Luapan air dilaporkan mulai memasuki pemukiman dan penginapan di Jalan Bumi Ayu, Sanur, sejak Minggu (22/2) malam. Kondisi ini disebut-sebut sebagai banjir terparah yang pernah terjadi di kawasan tersebut sejak bulan Desember lalu. Ketinggian air yang terus meningkat membuat aktivitas warga lumpuh total dan merendam banyak bangunan di sepanjang jalan tersebut.

Wayan Kecor, seorang pemilik warung di Jalan Bumi Ayu, menceritakan bahwa air mulai naik secara signifikan sekitar pukul 22.00 Wita. Menurutnya, debit air mencapai puncaknya pada Selasa (24/2/2026) sekitar pukul 01.00 Wita dini hari. Genangan yang bertahan hingga pagi hari tersebut merendam rumah-rumah warga hingga membasahi seluruh perabotan dan tempat tidur di dalamnya. "Jam 10 malam air mulai naik, sekitar jam 01.00, air sudah setinggi ini. Kasur semua basah," tutur Wayan Kecor saat menjelaskan kondisi tempat tinggalnya yang terdampak. Di lokasi lain seperti Jalan Bumi Ayu III, ketinggian air bahkan dilaporkan mencapai sepinggang orang dewasa. Hal inilah yang memicu pihak berwenang untuk segera melakukan tindakan penyelamatan terhadap tamu penginapan yang terisolasi.

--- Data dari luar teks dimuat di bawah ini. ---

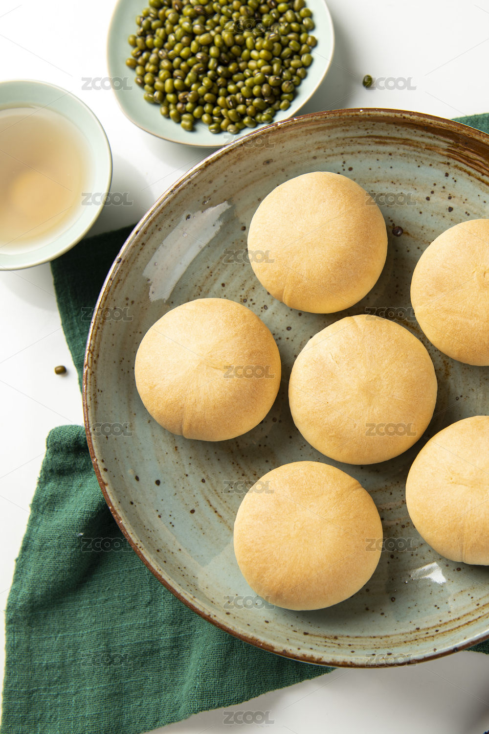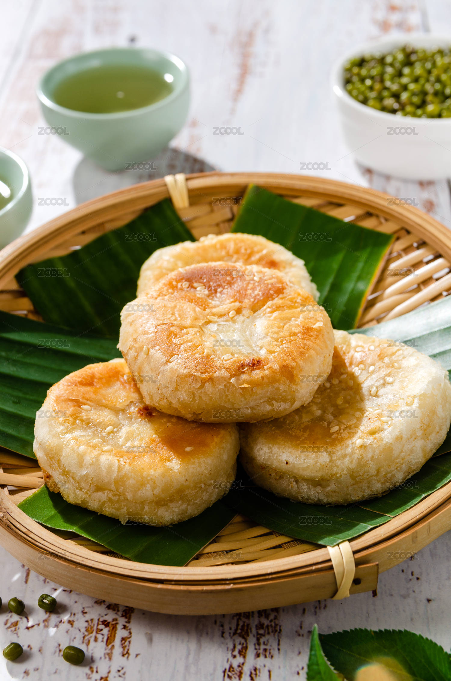 中国风背景健康早餐绿豆饼室内静物特写

Tim SAR Samapta Polda Bali segera menerjunkan 14 personel ke lokasi kejadian sekitar pukul 09.00 Wita setelah mendapat laporan dari BPBD Kota Denpasar. Petugas menggunakan bantuan empat kano dan satu perahu karet untuk menyisir area yang terendam air paling dalam. Fokus utama evakuasi diarahkan pada titik-titik genangan tertinggi guna menjangkau warga yang tidak bisa keluar secara mandiri.

Koordinator SAR, Gede Sutrawan, mengungkapkan bahwa pihaknya telah berhasil menyelamatkan setidaknya 12 orang dari berbagai titik lokasi banjir. "Sejauh ini ada 5 tamu yang dievakuasi, ada di utara evakuasi 7 orang, termasuk tadi ada anjing juga dievakuasi," jelasnya kepada media. Proses penyelamatan ini dilakukan dengan mengarahkan warga menuju akses keluar yang lebih aman di Jalan Pungutan dan Jalan Danau Tamblingan.

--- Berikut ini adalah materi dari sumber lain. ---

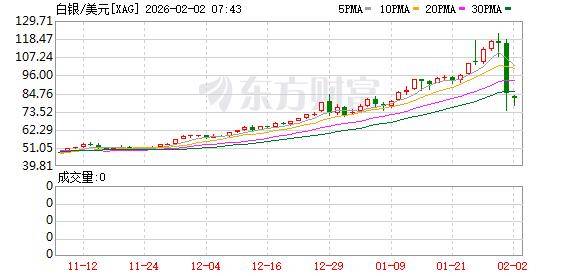 前一交易日,贵金属市场遭遇史诗级暴跌,Wind数据显示,截至上周五收盘,现货黄金暴跌9.25%,报4880.034美元/盎司,盘中一度暴跌12.92%,最低触及4682美元/盎司;现货白银价格盘中一度暴跌35.89%,最终收跌26.42%,报85.259美元/盎司;COMEX白银期货暴跌25.5%,报85.25美元/盎司,1月份累涨20.10%。

Selain bantuan tim SAR, staf Villa B3 bernama Wayan Yadhi mengaku sempat melakukan evakuasi mandiri terhadap atasannya menuju Swiss-Belinn sebelum petugas tiba. Ia menegaskan bahwa banjir kali ini jauh lebih tinggi dan parah dibandingkan kejadian serupa pada bulan Desember silam. Sebagai langkah penanganan lanjutan, Dinas PUPR Kota Denpasar kini telah memasang vacuum jetting untuk mempercepat penyedotan genangan air.